After denouncing endlessly a conspiracy by the media establishment with the complicity of the electoral authorities, Bolsonaro rubbed his hands when checking the difference between the polls and the results. "We have defeated Datafolha's lies," he said.

Behind the large vote for Bolsonaro hide 51 million middle-class Brazilians who turned against the PT during Dilma Rousseff's presidency and who feel comfortable with a president whose far-right speech has turned Brazil into an international pariah. "With Bolsonaro we are discovering who we are," historian Antonio Jorge Ramalho in Brasilia said in an interview.

The Bolsonarist right did well in the elections for Congress and for governors in 27 states. Bolsonaro's party - the Liberal Party - already has the largest representation in the House, with 99 of the 513 seats, up from 77 previously.

In the Senate, the Bolsonarist parties already have 35 seats in the Senate compared to 11 for the Lulista bloc. The victory of the evangelical minister Damares Alves – very close to Bolsonaro and his young wife, the fervent evangelical Michelle – in the federal district of Brasilia, is a symbolic advance for right-wing Christianity. Likewise, although he is not an ally of the president, the election to the Senate of Judge Sergio Moro, who imprisoned Lula in 2018 in a trial later annulled for irregularities, confirms the strength of the new right engendered in the anti-PT wave of 2013. -2016.

The main battle in the second round will be fought in Sao Paulo, where Lula trained as a union leader in auto plants in the 1980s. Bolsonaro won the state by eight points.
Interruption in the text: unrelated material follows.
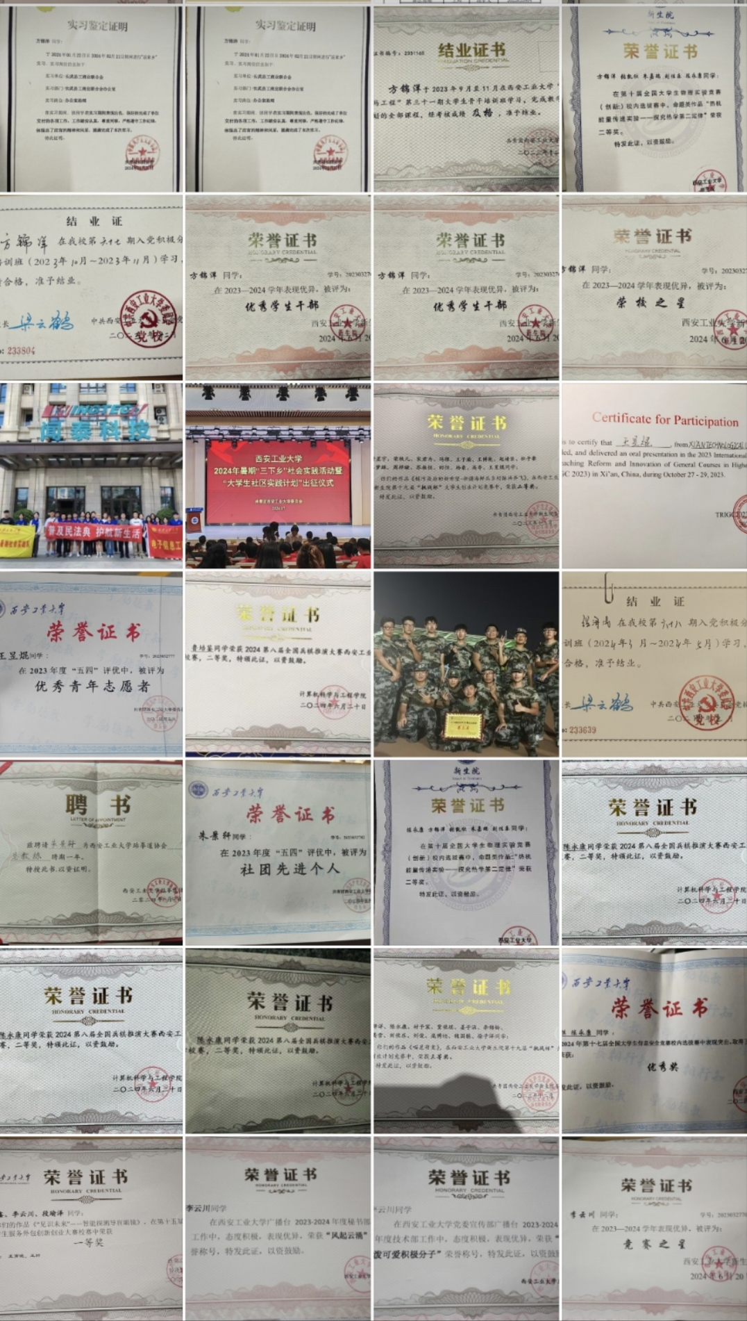 挑战杯新生院三等奖/网络攻防大赛三等奖/ 中国老员工服务外包创新创业大赛校赛一等奖/数学建模新生杯三等奖 |

Of course, Fernando Haddad, the PT gubernatorial candidate and former mayor of Sao Paulo, managed to avoid being defeated in this first round by the Bolsonarist candidate Tarcísio de Freitas, and may have a chance in the second round.

Instead, in Rio de Janeiro, where Bolsonarism is linked to paramilitary groups, the current governor, Claudio Castro, an ally of the Bolsonaros, swept the first round against his rival, the lawyer Marcelo Freixo, party partner of councilor Marielle Franco. , assassinated by these same paramilitaries.

In the midst of the surprise at the strength of the Brazilian right, it is not convenient to underestimate the resistance of the PT, a political actor on the way to extinction four or five years ago. Lula's party has raised his presence in the Chamber from 56 to 68 seats out of a total of 513. Bolsonaro outlined his future strategy in Brasilla on Sunday night. "I understand that there is a desire for change in the population, but changes are not always good," he said. “Look at Argentina, Chile, Colombia”, he repeated three times.